> [Dataset excerpts]:
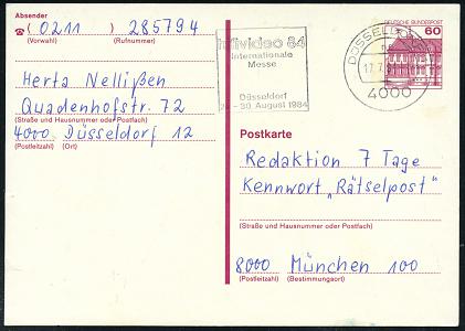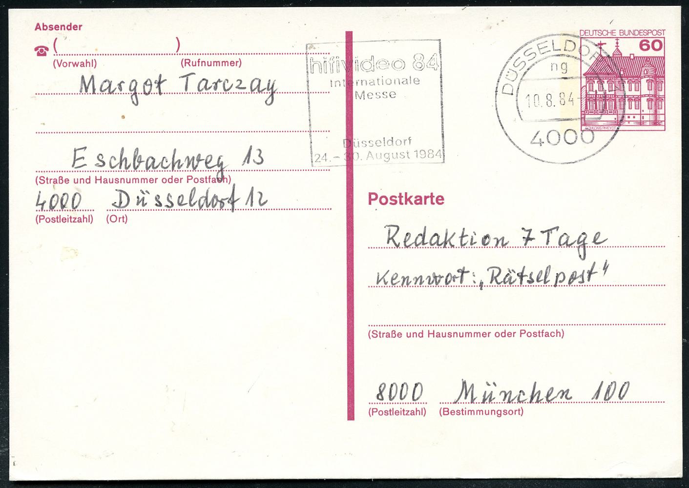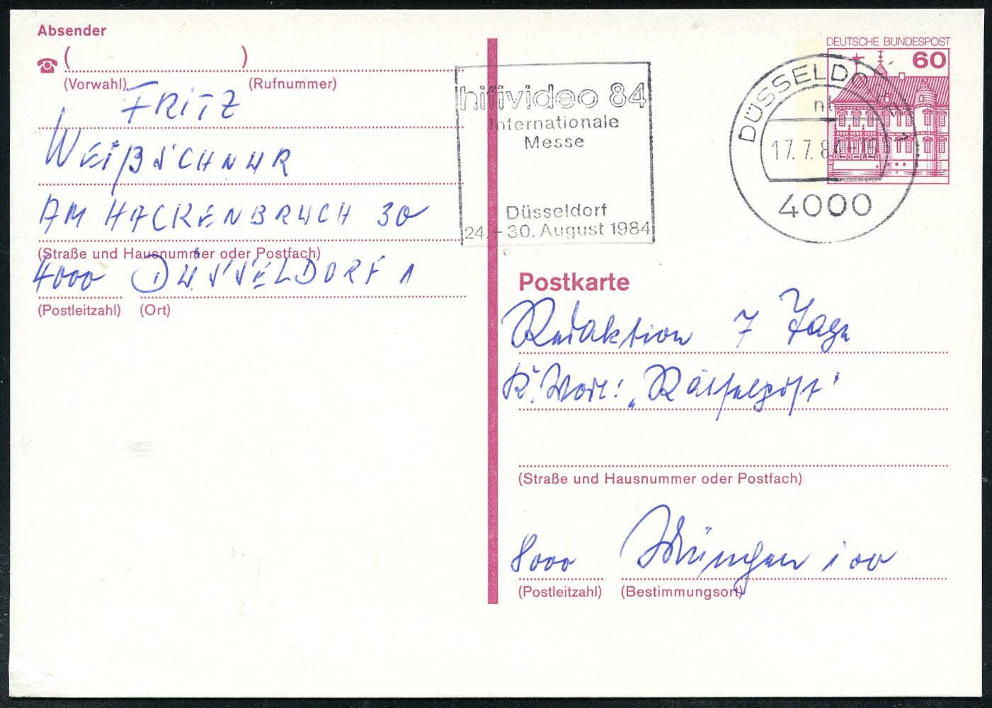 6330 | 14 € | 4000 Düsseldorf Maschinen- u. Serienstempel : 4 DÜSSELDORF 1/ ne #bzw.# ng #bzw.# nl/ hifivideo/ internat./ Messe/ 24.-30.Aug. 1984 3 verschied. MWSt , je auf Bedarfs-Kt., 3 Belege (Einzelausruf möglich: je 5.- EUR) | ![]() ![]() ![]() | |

* * *

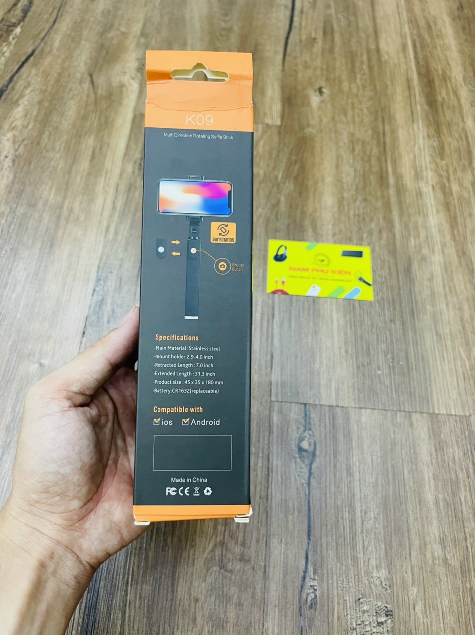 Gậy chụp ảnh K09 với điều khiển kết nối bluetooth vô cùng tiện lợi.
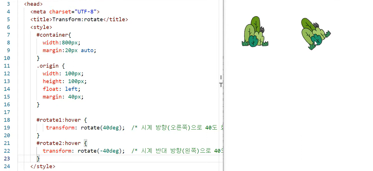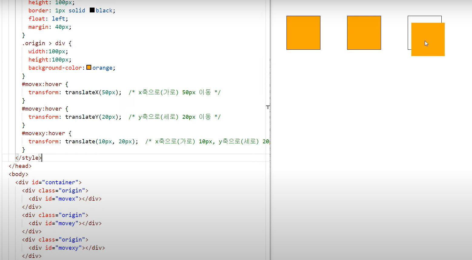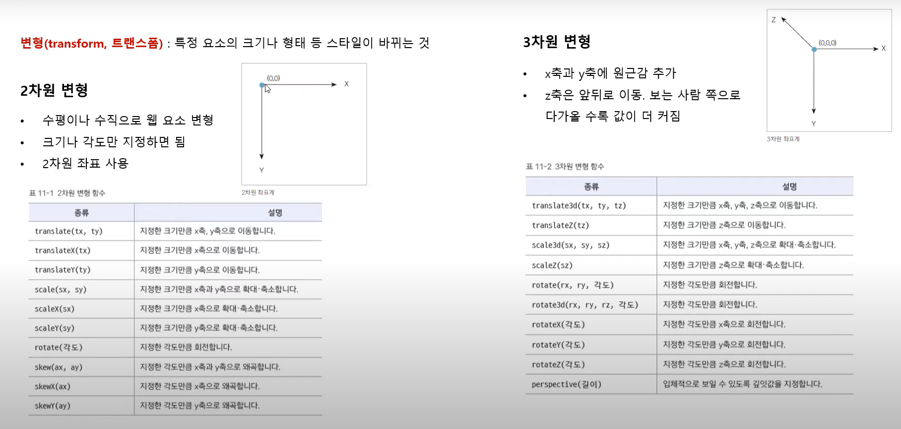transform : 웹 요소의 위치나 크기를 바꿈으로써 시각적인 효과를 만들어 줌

> [Problem to solve]:
Above are the records; please give again, exactly and in full, only the lines that run from the line with "Gậy chụp ảnh" through the line with "transform : 웹", with no pictures.

> [Output]:
 Gậy chụp ảnh K09 với điều khiển kết nối bluetooth vô cùng tiện lợi.
transform : 웹 요소의 위치나 크기를 바꿈으로써 시각적인 효과를 만들어 줌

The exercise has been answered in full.